July 11, 2018 in teaching - 1 Comment

3 Ideas to (re) Energize Your Teaching

July 11, 2018 in teaching - 1 Comment

Re-energize teaching

Are you one of those teachers who turns off your teacher-brain once summer hits?  If so, I am envious of you.  Every year I give myself a month to decompress and not think about teaching, but after a week my teacher brain goes in overdrive.  It’s become a delicate balance spending time reflecting about the previous year and changing/adjusting for the upcoming year (which I really love to do) without stressing myself out and spending my summer not present with my family and friends.

But if I really think about the numerous summers I have spent as a teacher, not every one was this happy-go-lucky-I-love-teaching mentality.  I have had some rough years where it was anything to want to go back to the classroom in September.  And I know I’m not alone.
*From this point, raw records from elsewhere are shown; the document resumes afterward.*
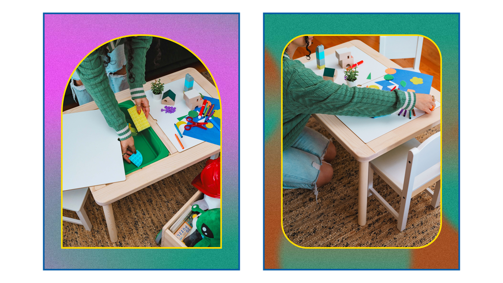 “I wanted them to have the space and the ability to do what they want. they’re two-and-a-half, so keeping them busy is a huge part of my day-to-day life,” she says. “They’re always home with me, so it’s convenient to have a table where they can color, eat and play.”
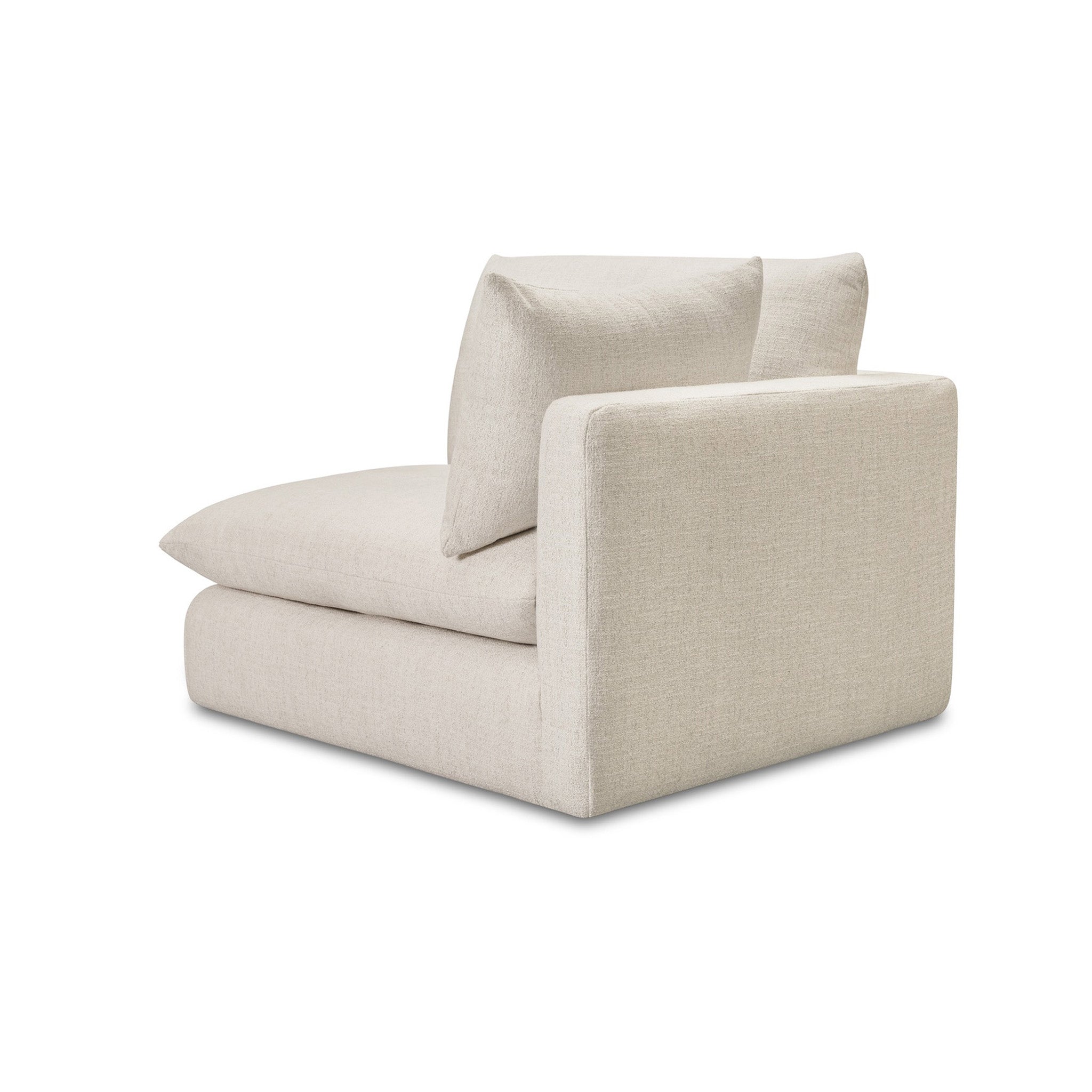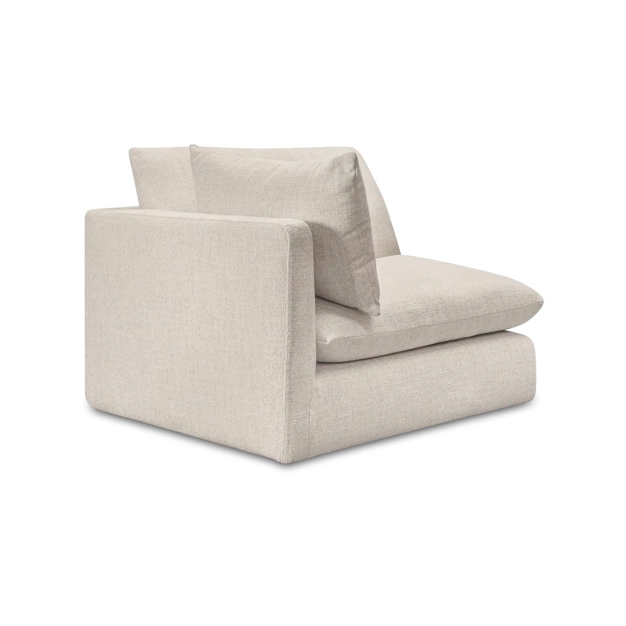 For rooms that live a little. Townes keeps it easy-low profile, clean lines, and all-day comfort that doesn't ask for attention. Slender arms and an invisible base give it a light, contemporary look, while faux feather fill and deep cushions bring that sink-right-in feel. Side pillows soften the arms, and hidden clips let it lock into the full Townes sectional or stand strong on its own. Relaxed, modular, and made to keep up.
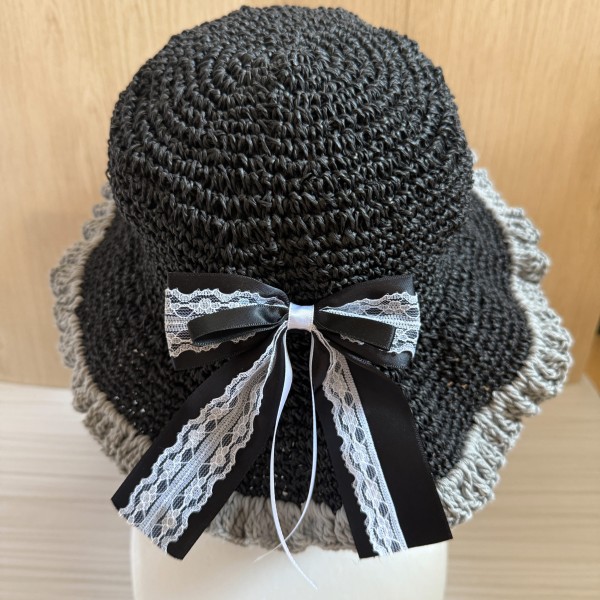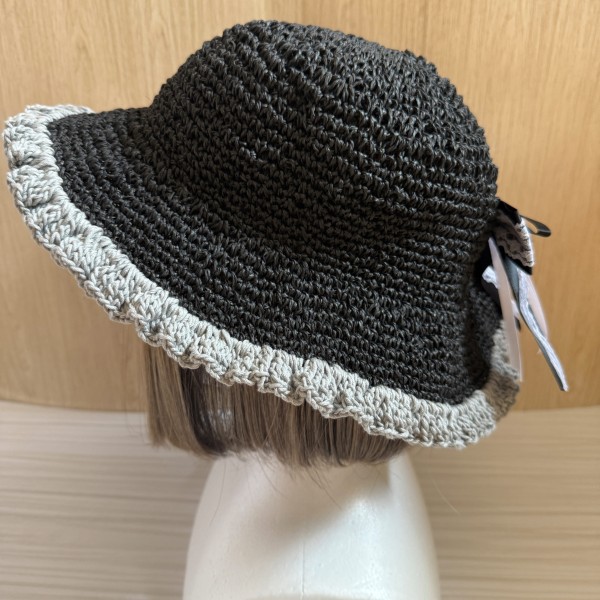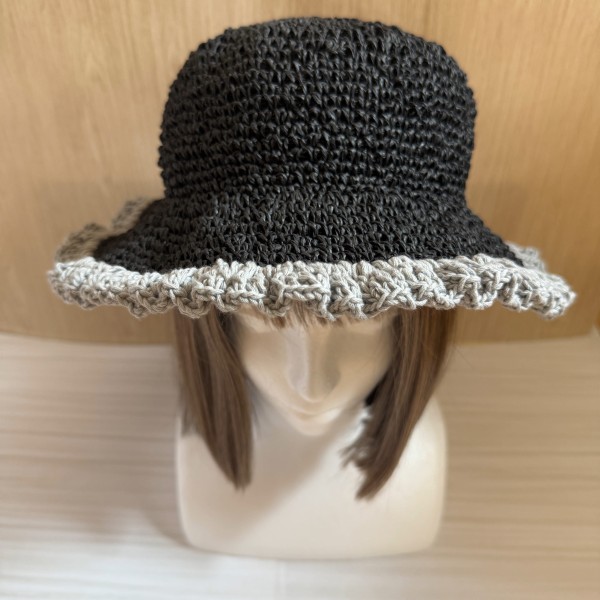 | 夏にぴったりな麦わら帽子を編んでみました。 黒色の服や地雷系ファッションに似合うような帽子を作りたいと思い、黒とグレーの組み合わせにしてみました。 ペーパーヤーンが物凄く硬くて苦労しましたが通気性が良く丈夫な素材なので黒色でも暑くないのが良い点だなと思います! 参考:しずかなひとりごと様 |
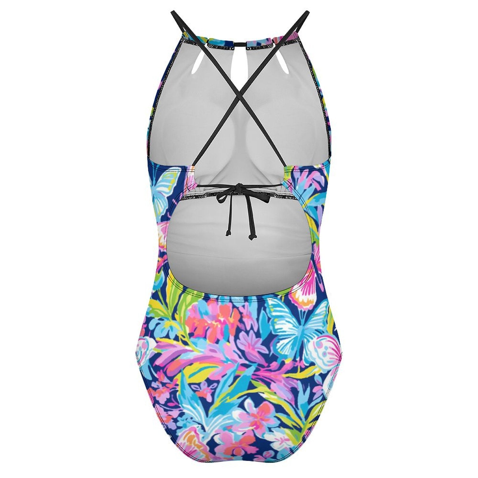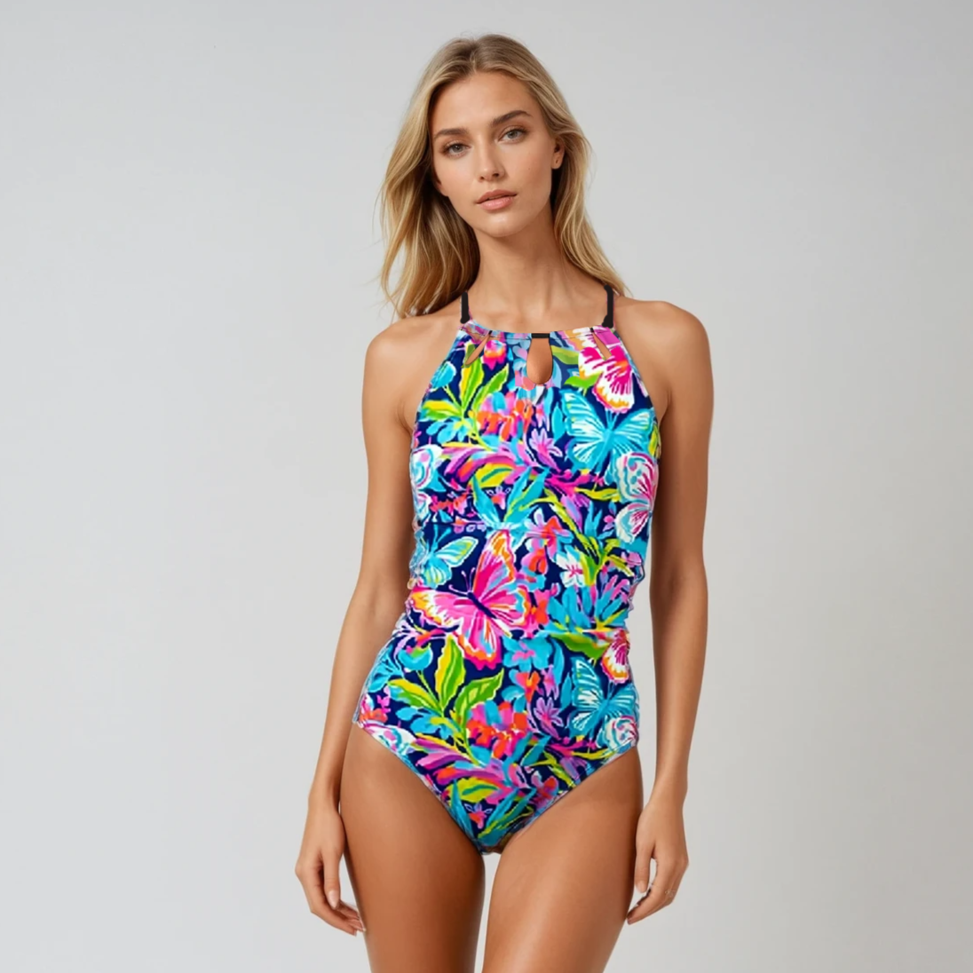 Women's Butterfly Floral Halter Swimsuit, a flattering and feminine one-piece swimsuit designed for sun-soaked days and tropical escapes. This vibrant floral print is a summer favorite—perfect for beach vacations, resort lounging, or poolside relaxation.

Sometimes years are tough and taking a break is the best thing to do.  Sometimes as teachers we fall in a rut or a routine that is comfortable, and wanting to change or grow is not on the to-do list.

However,  five years ago I came to a crossroad and realized that if I was going to continue to enjoy what I did, I had to rethink my job.  I needed to infuse new energy and give myself a fresh start.  Permission to understand a teacher’s job is never done, that one will always continue to grow–and be okay with that.  (Something I still struggle with.)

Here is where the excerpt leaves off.